For nearly sixty years, the U.S. Supreme Court has affirmed that the Sixth Amendment to the U.S. Constitution guarantees felony defendants the right to counsel, regardless of their ability to pay. Yet nearly all criminal procedure scholars agree that indigent defense as practiced today falls far short of its initial promise. These scholars frequently cite a lack of political support, insufficient public funding, and a failure to address instances of inadequate legal representation, among other things, as causes for the underlying systemic dysfunction.

This Article contends that these conventional critiques are incomplete. Rather, indigent defense systems often fail due to poor design, as they do not align publicly funded defense attorneys with their clients’ best interests. This is particularly true when courts appoint private attorneys to represent indigent defendants for a fee, as is done in hundreds of jurisdictions across the United States.

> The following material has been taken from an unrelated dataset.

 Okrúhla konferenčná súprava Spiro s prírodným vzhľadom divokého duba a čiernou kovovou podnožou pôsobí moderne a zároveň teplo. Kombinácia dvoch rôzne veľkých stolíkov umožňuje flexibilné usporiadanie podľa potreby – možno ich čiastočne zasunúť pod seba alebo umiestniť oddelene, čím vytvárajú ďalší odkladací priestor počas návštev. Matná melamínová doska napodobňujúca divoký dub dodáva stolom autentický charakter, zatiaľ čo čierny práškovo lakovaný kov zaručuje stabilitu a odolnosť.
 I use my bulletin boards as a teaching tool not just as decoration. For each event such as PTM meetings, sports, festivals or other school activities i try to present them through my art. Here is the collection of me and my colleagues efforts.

These assignment systems create an “incentive gap” that financially motivates defense attorneys to maximize their caseloads but minimize their efforts.

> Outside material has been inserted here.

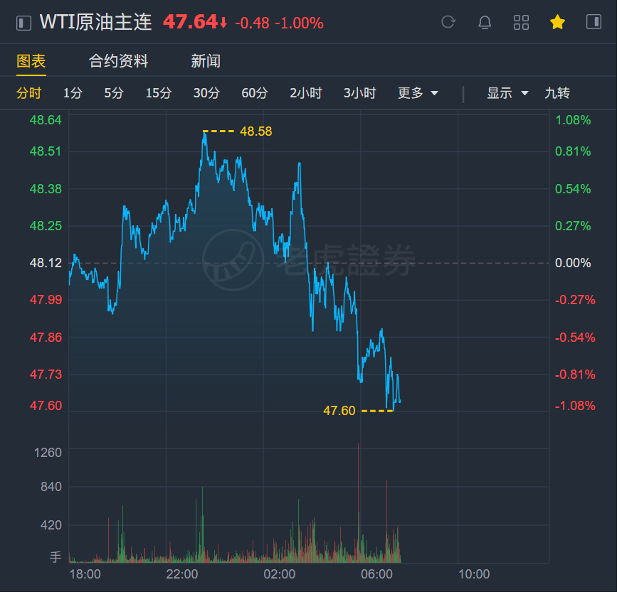 美、布两油均跌1%,截止发稿,WTI原油报47.64美元/桶;布伦特原油报50.69美元/桶。

The Article then shows how campaign finance exacerbates this problem. Specifically, we provide empirical evidence that elected trial court judges regularly appoint attorneys who donate to their campaigns as counsel for indigent defendants—a system we call “judicial pay to play.” We find trial judges routinely accept such donations, often as apparent “entry fees” from attorneys who have just become eligible for appointments. These judges, in turn, typically award their donors more than double the cases they award to non-donors, with the average donor attorney earning greater than a twenty-seven-fold return on her donation. Indeed, we find indigent defense appointments can be surprisingly lucrative. Many donor attorneys earn tens or even hundreds of thousands of dollars across the hundreds of cases assigned to them by their donee judges.

Worse yet, this apparent quid pro quo between judges and defense attorneys may directly harm defendants. We find that defense attorneys who donate to a judge are, if anything, less successful than non-donor attorneys in attaining charge reductions, dismissals, and acquittals, or avoiding prison sentences. We contend donor attorneys might underperform simply because they take on so many more cases from their donee judges, and hence spend less time on each matter.

Our study is the first empirical analysis of how campaign finance distorts criminal trial court decisionmaking. Though our data is limited to Harris County (Houston), Texas—the nation’s third most populous county—we show that pay to play is probably endemic across that state. Indeed, similar problems likely affect millions of Americans, as trial judges who control indigent defense assignments in many other states—including California, Georgia, Maryland, Missouri, North Carolina, and Ohio, among others—accept attorney donations to fund their electoral campaigns. Unless substantial reforms are made to address the corrosive influence of campaign finance on criminal defense, the Sixth Amendment’s right to counsel will continue to ring hollow for millions of indigent defendants.